Without the pictures, output the records below word for word.

○ ○ ○ ○ ○

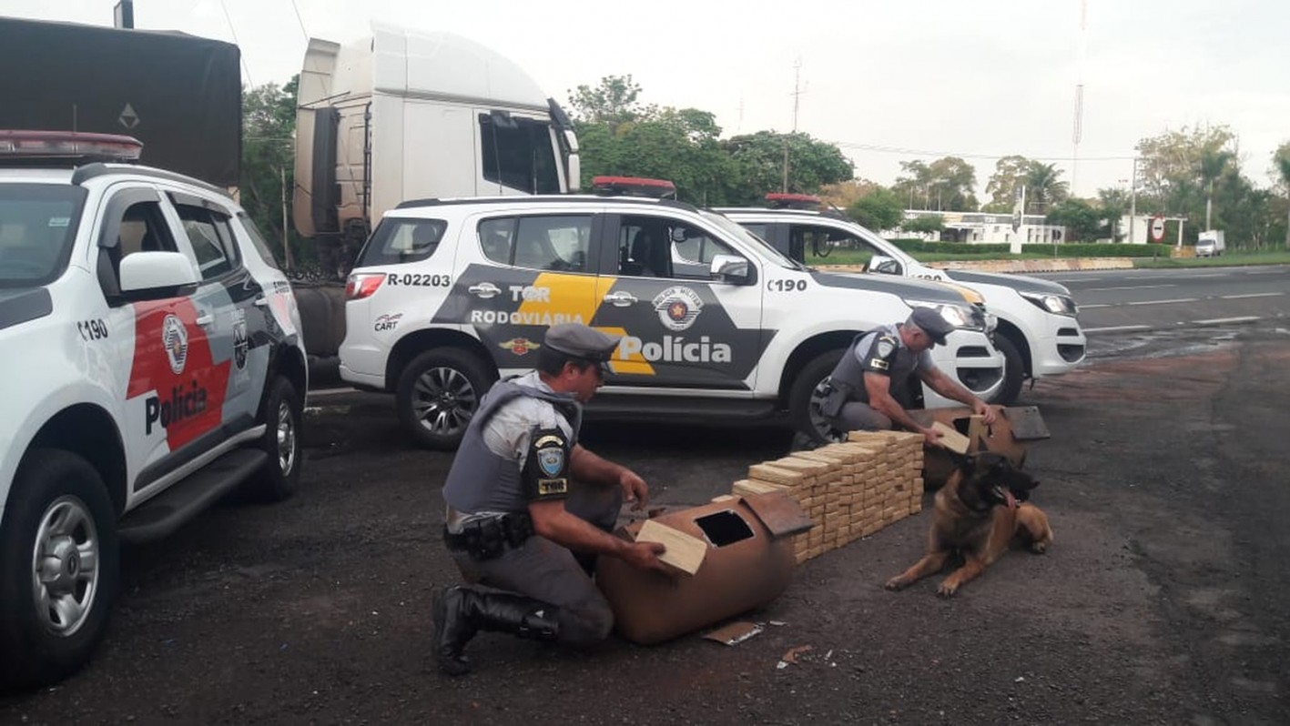 Um cão farejador do Canil do 8º Batalhão de Ações Especiais de Polícia (Baep) de Presidente Prudente localizou mais de 1635 quilos de cocaína escondidos em dois cilindros de ar adulterados, de uma carreta com placas de Sorriso (MT), que tracionava dois semirreboques.
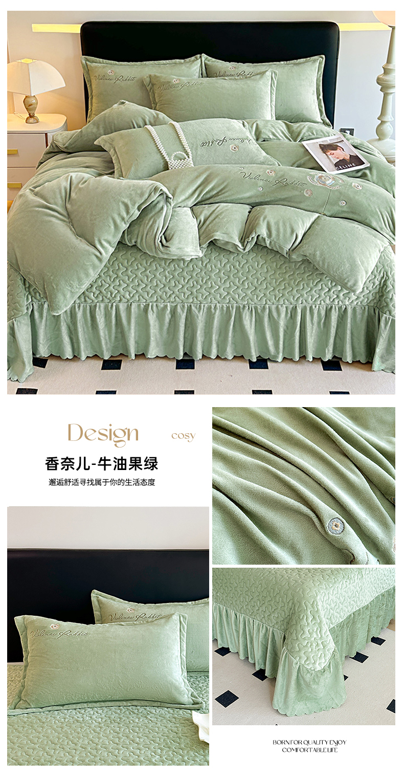 陌乘坊家纺 2024新款牛奶绒床盖款四件套-香奈 香奈-牛油果绿
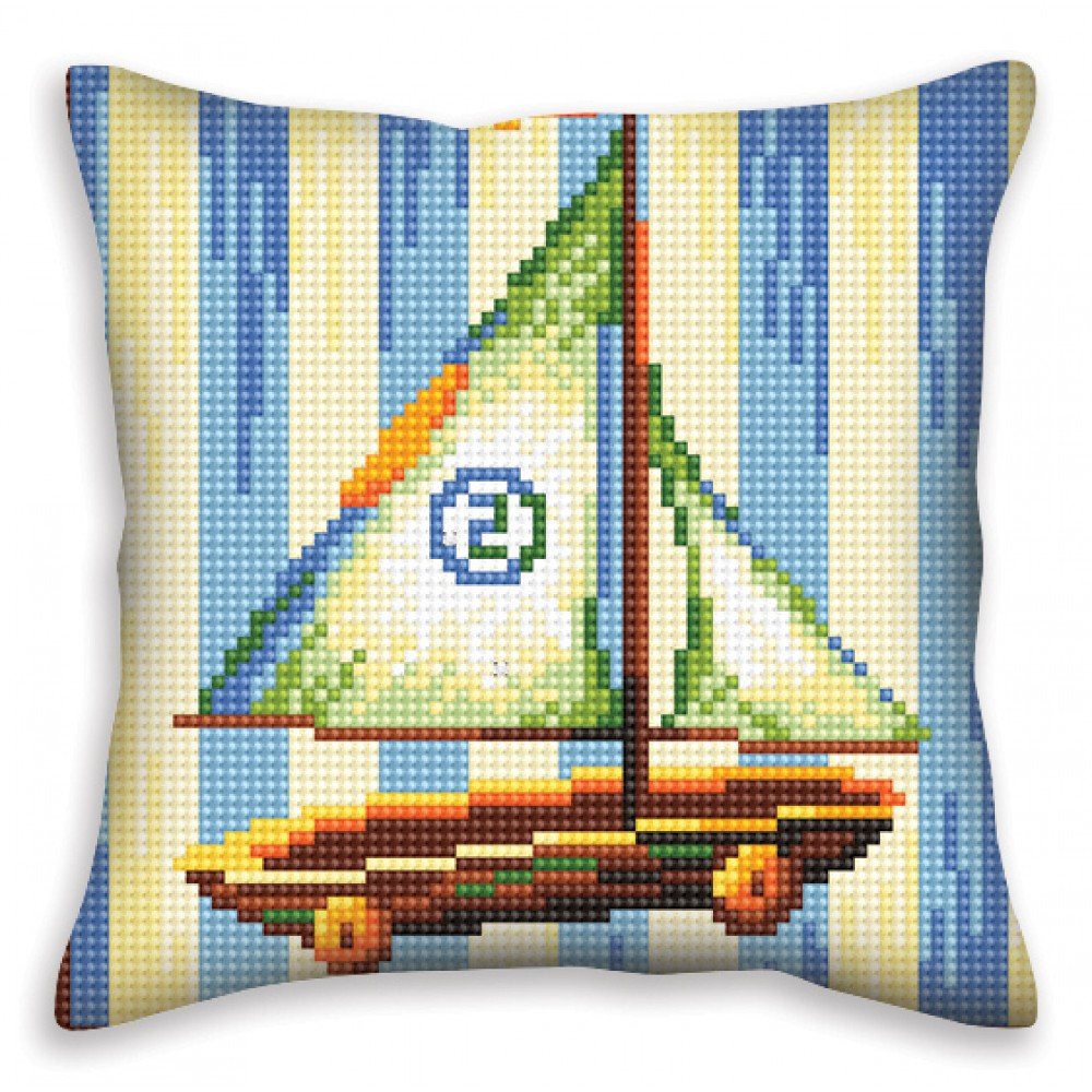 Kit contains: fabric Zweigart Stramine stamped 6ct. beige, acrylic threads, needle, chart. Finished size: 40x40cm/15.75x15.75". Frame, pillow, and pillowcase are not included. Zippered pillowcase you can additionally purchase "Cushion Finishing Kit", product code: CDA 5999
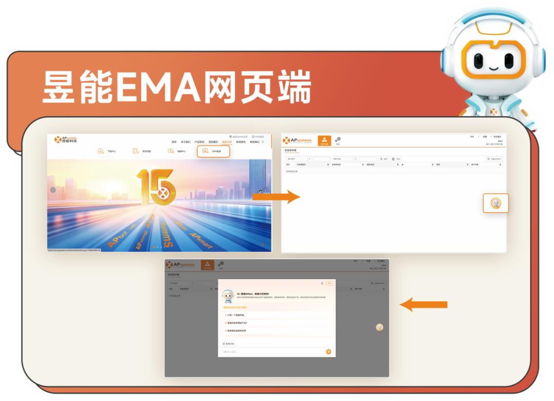 此外,在使用APbot智能助手时,用户还可以从以下多个便捷通道进入:一是在昱能科技公众号底部的菜单栏,点击【服务支持】,就能看到【APbot智能助手】,点击进入即可;二是在微信搜索“昱能昱电宝”小程序,打开小程序后,在页面首页点击【联系客服】,选择【APbot智能助手】;三是对于已经购买昱能产品并且注册过EMA账号的朋友,可在EMA网页端登录,并在页面右侧中间位置,找到【APbot智能助手】。
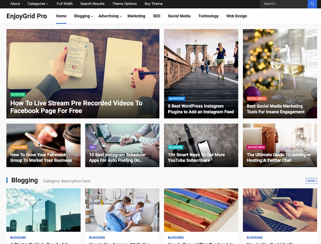 EnjoyGrid Pro是一款基于网格的新闻杂志主题,设计简洁现代,适合每个想要分享个人故事、最新突发新闻或各种类型内容的人。 EnjoyGrid Pro 将最大限度地提高您网站的点击次数,并将大量访问者带回您的网站。从各种布局选项、特色帖子、最大广告曝光度、SEO 优化和有吸引力的设计,EnjoyGrid Pro 将提供最佳的用户体验和点击率。
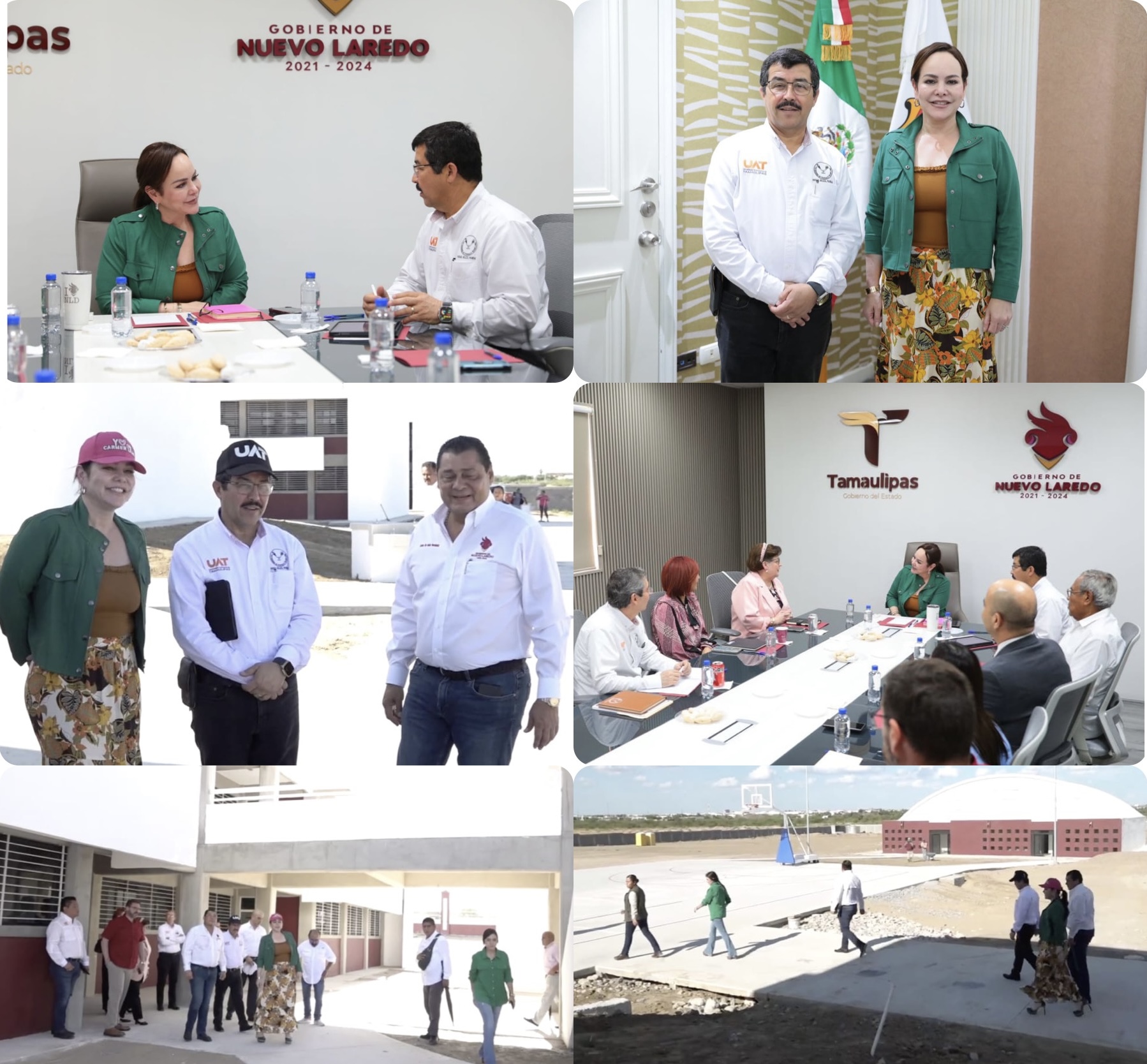 Durante la reunión efectuada en las oficinas de la Presidencia Municipal, se destacó que el Ayuntamiento de Nuevo Laredo iniciará los trámites para entregar en comodato a la UAT la nueva escuela preparatoria ubicada en el sur de esta ciudad fronteriza.

○ ○ ○ ○ ○

Solution to this exercise:
 Um cão farejador do Canil do 8º Batalhão de Ações Especiais de Polícia (Baep) de Presidente Prudente localizou mais de 1635 quilos de cocaína escondidos em dois cilindros de ar adulterados, de uma carreta com placas de Sorriso (MT), que tracionava dois semirreboques.
 陌乘坊家纺 2024新款牛奶绒床盖款四件套-香奈 香奈-牛油果绿
 Kit contains: fabric Zweigart Stramine stamped 6ct. beige, acrylic threads, needle, chart. Finished size: 40x40cm/15.75x15.75". Frame, pillow, and pillowcase are not included. Zippered pillowcase you can additionally purchase "Cushion Finishing Kit", product code: CDA 5999
 此外,在使用APbot智能助手时,用户还可以从以下多个便捷通道进入:一是在昱能科技公众号底部的菜单栏,点击【服务支持】,就能看到【APbot智能助手】,点击进入即可;二是在微信搜索“昱能昱电宝”小程序,打开小程序后,在页面首页点击【联系客服】,选择【APbot智能助手】;三是对于已经购买昱能产品并且注册过EMA账号的朋友,可在EMA网页端登录,并在页面右侧中间位置,找到【APbot智能助手】。
 EnjoyGrid Pro是一款基于网格的新闻杂志主题,设计简洁现代,适合每个想要分享个人故事、最新突发新闻或各种类型内容的人。 EnjoyGrid Pro 将最大限度地提高您网站的点击次数,并将大量访问者带回您的网站。从各种布局选项、特色帖子、最大广告曝光度、SEO 优化和有吸引力的设计,EnjoyGrid Pro 将提供最佳的用户体验和点击率。
 Durante la reunión efectuada en las oficinas de la Presidencia Municipal, se destacó que el Ayuntamiento de Nuevo Laredo iniciará los trámites para entregar en comodato a la UAT la nueva escuela preparatoria ubicada en el sur de esta ciudad fronteriza.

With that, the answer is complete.